La guerra en Iraq ya terminó, pero la batalla para transformar las economías del Medio Oriente (la única esperanza de evitar que el fanatismo atrape a una generación de jóvenes desempleados árabes e iraníes) apenas está comenzando.

La lucha va más allá de las estrategias de desarrollo y llega hasta las raíces del Islam. Se cuenta que el Ayatola Jomeini solía decir que "El pueblo de Irán no promovió la revolución islámica para bajar el precio de las sandías". Siguiendo esa lógica, el capitalismo y el Islam son incompatibles. ¿Lo son?

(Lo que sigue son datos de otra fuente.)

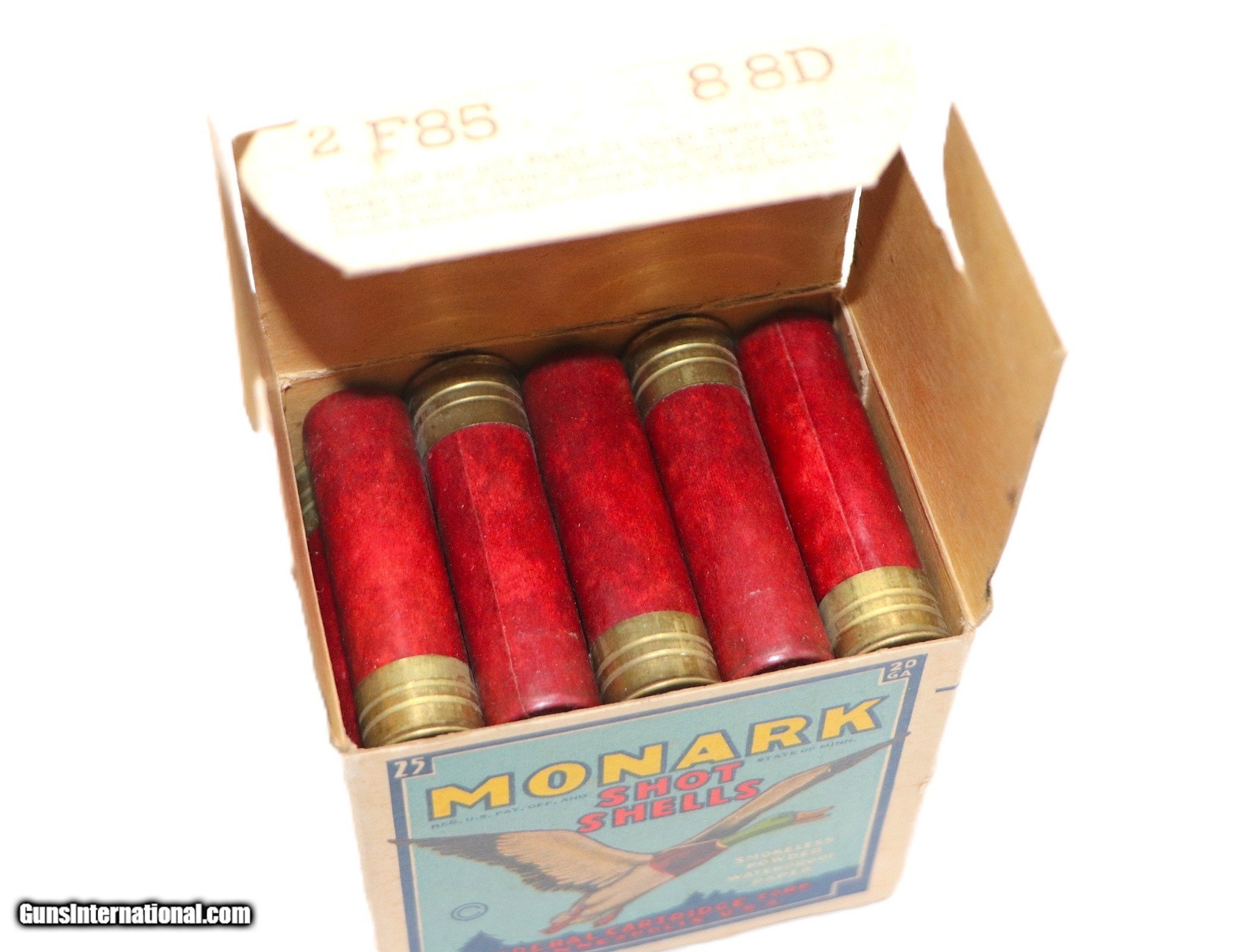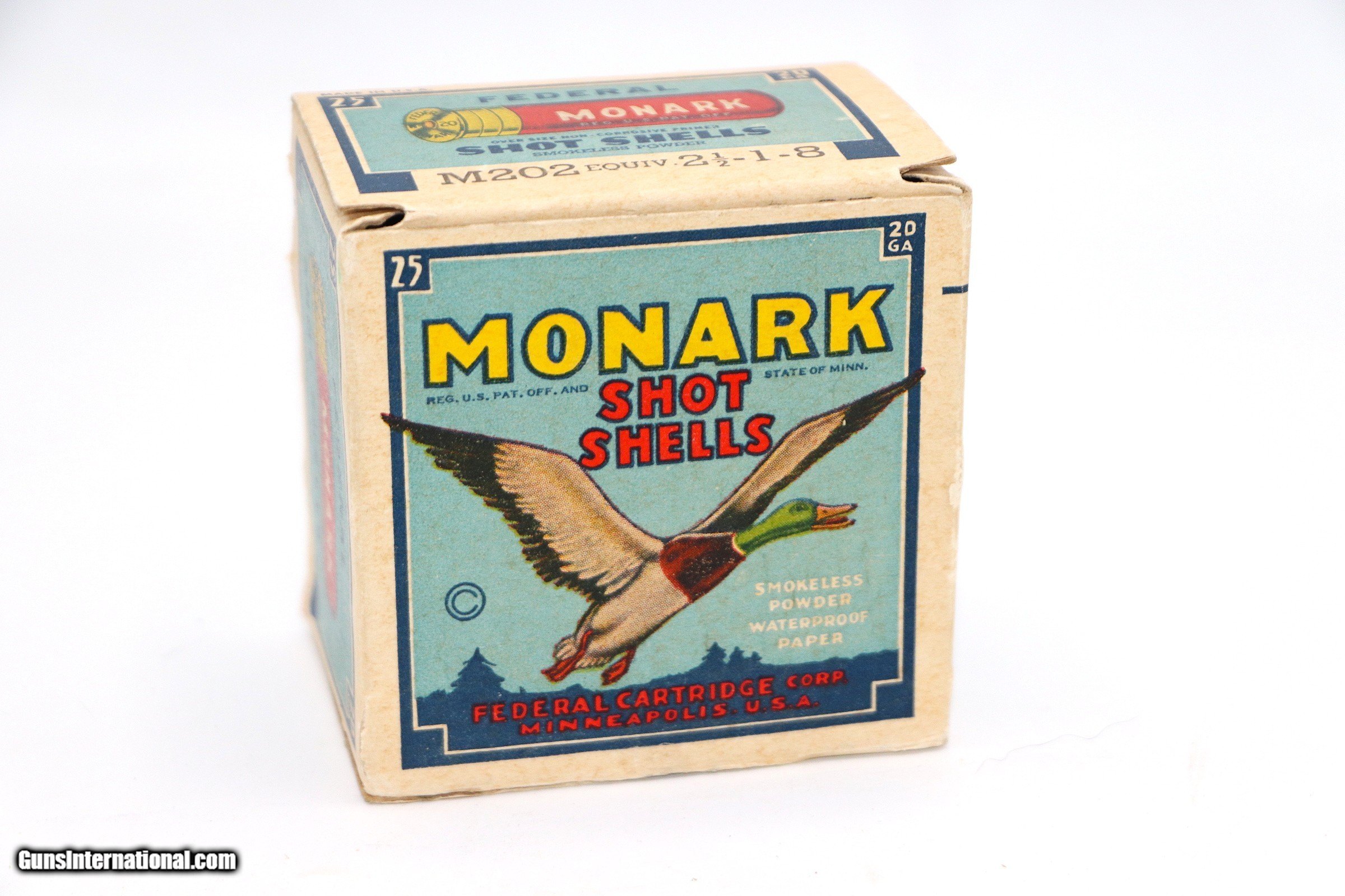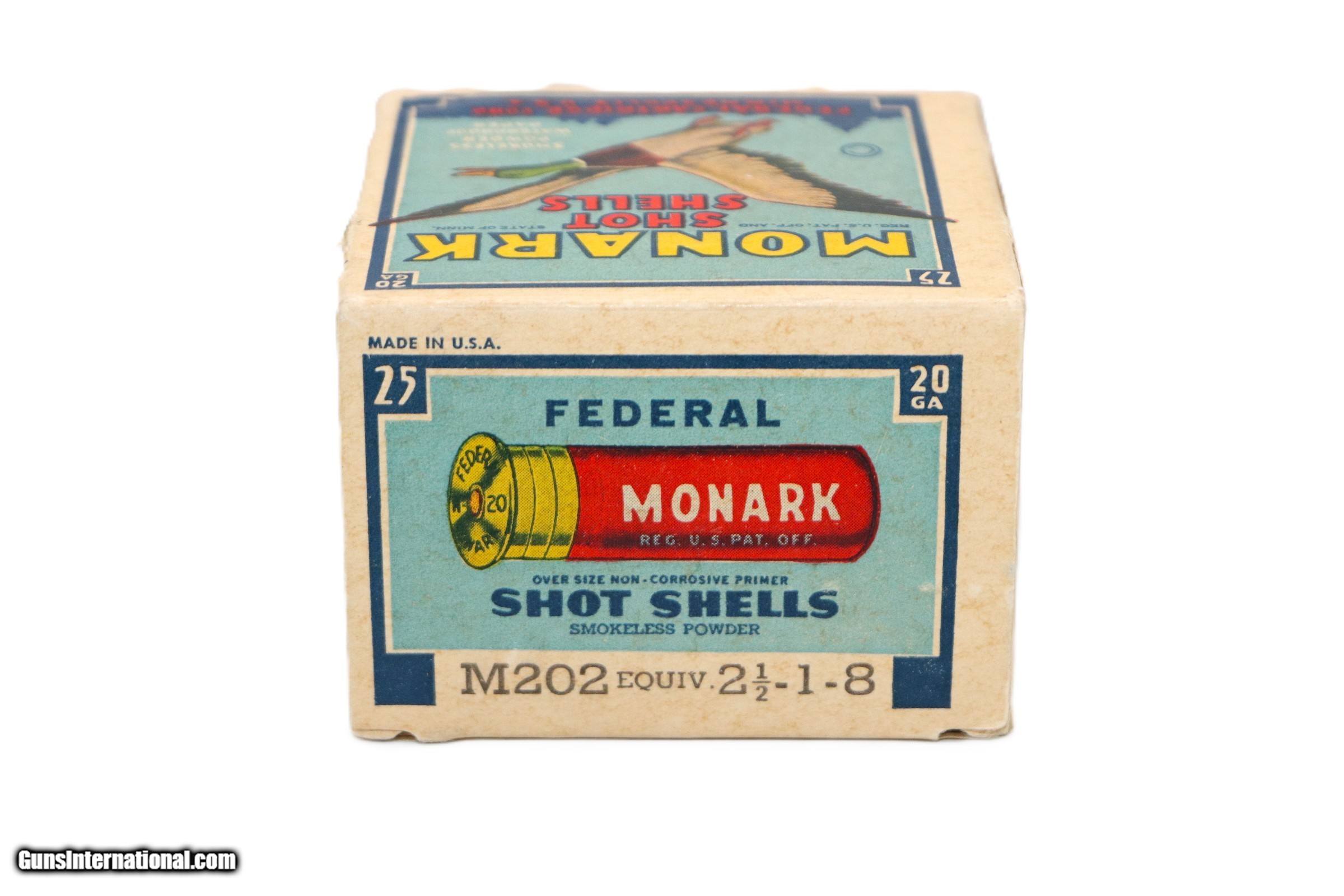 Description: Federal Cart. Co., MONARK, 20ga., 1pc., Full, shot size 8, Blue border, box solid with great color, paper shells are excellent. Shotgun Gauge: 20 Gauge Price: $60.00 Shipping: $13.50 Contact Seller |
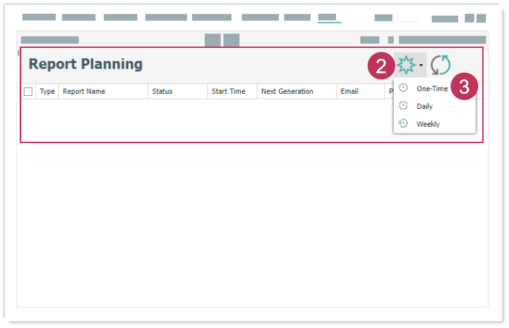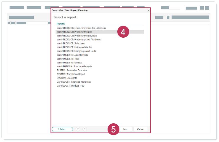 Einmalige Reportplanung erstellen, Handlungsschritte 2-3- Wählen Sie einen Report aus.
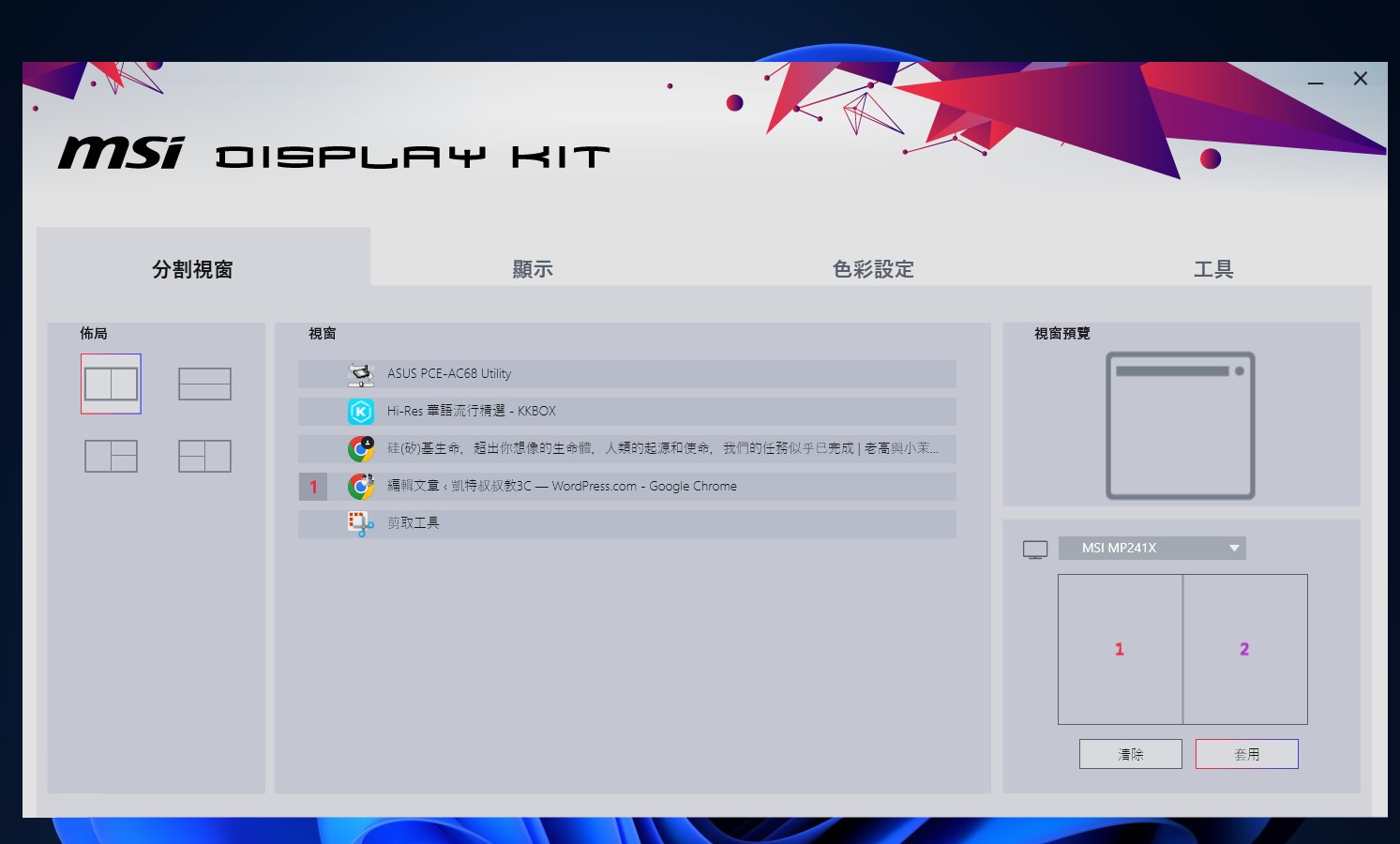 透過Display Kit可以快的讓電腦螢幕跟智慧型手機一樣達到多工作業的效果,就不用自己在手動開兩個程式調整大小,一邊開網頁新聞,一邊開啟股票看盤軟體,這功能對早上在做股票的人來說還滿方便的。
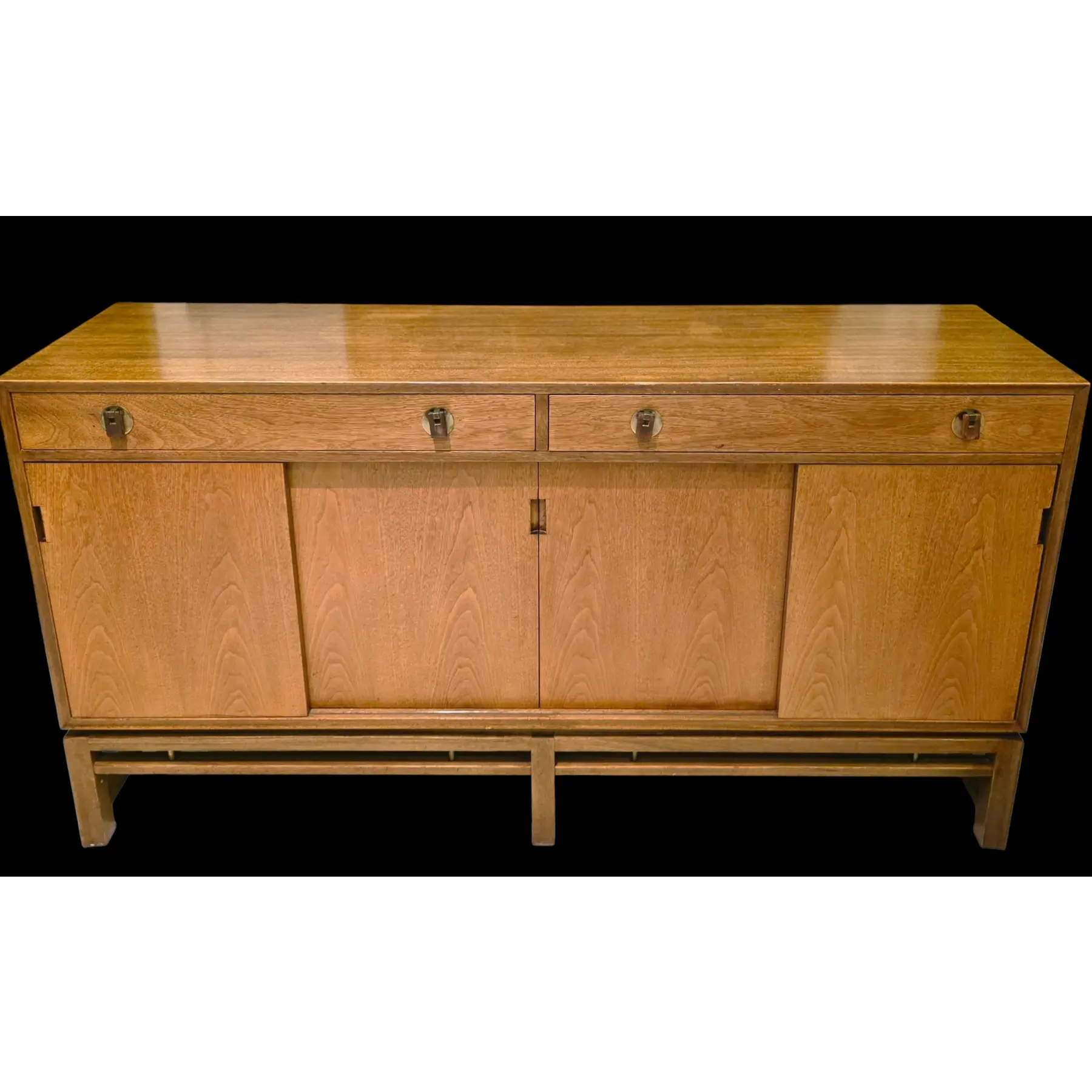 Upper drawer configuration includes four fitted drawers and sculptural pulls with circular brass backplates, with inset wooden tabs and brass accents
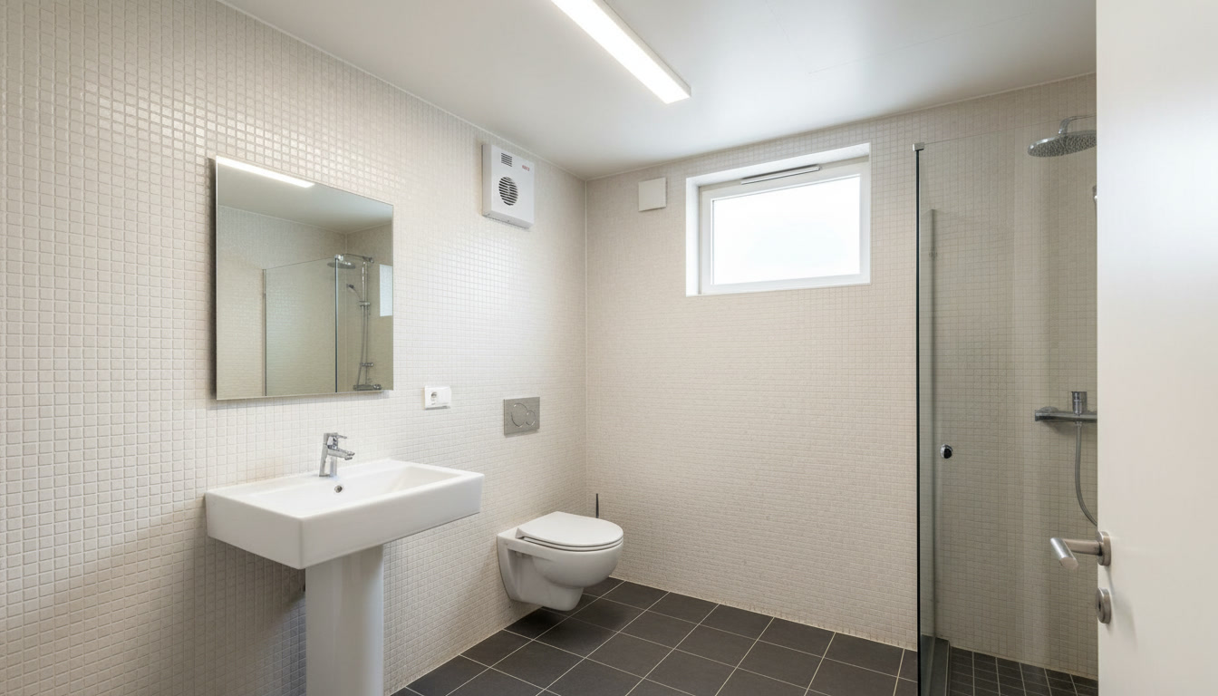 A clean, minimalist bathroom featuring a pedestal sink, wall-mounted toilet, and glass shower enclosure.
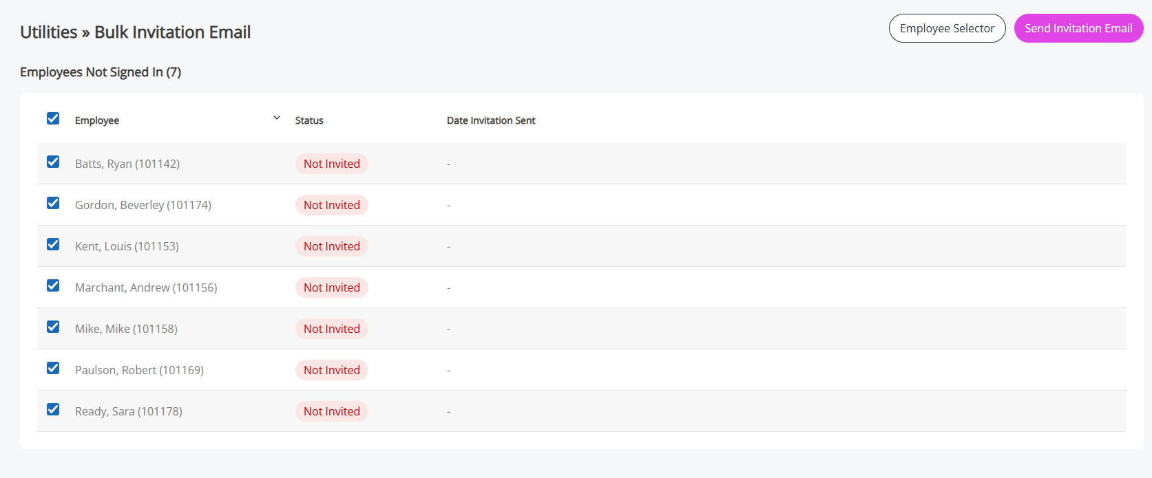 The Employees Not Signed In table also updates to show an Invitation Sent status for the employees you have invited
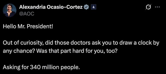 “they have Jasmine Crockett, a low-IQ person. they have, uhhhh— AOC, she’s low-IQ. you give her a— an IQ test— have her pass, like, the exams that I decided to take when I was at Walter Reed. those are very hard, uh, they’re really aptitude tests, I guess, in a certain way, but they’re cognitive tests. let AOC go against Trump. let Jasmine go against Trump. I don’t think g— Jasmine— the first couple of questions are easy. a tiger, an elephant, a giraffe. when you get up to five or six and then when you get up to twenty and twenty-five— they couldn’t come close to answering any of those questions.”

La historia nos puede servir de guía. La revolución industrial comenzó en las regiones centrales inglesas y en los bosques de Bélgica, zonas que contaban con carbón, canales (a través de los cuales se podía transportar el carbón en barcazas), y obreros calificados (quienes podían construir máquinas que utilizaban el carbón como combustible). El carbón, los canales y los obreros fueron las bases para construir, instalar y utilizar las máquinas de hilar automáticas, los telares mecánicos y las locomotoras que fueron las primeras industrias de maquinaria moderna.

La energía de vapor, las fábricas, los mercados y la industria se esparcieron rápidamente por la Europa noroccidental y sus colonias. Hacia fines del siglo XIX, Turín, Venecia, Praga, Wroclaw, Essen, París, Lille, Lieja, Lyon y Barcelona en la Europa continental, gran parte de Inglaterra y los Estados Unidos, porciones de Canadá e Irlanda, y Melbourne, Buenos Aires y Johannesburgo (además de Tokio, por supuesto) eran centros de la industria moderna.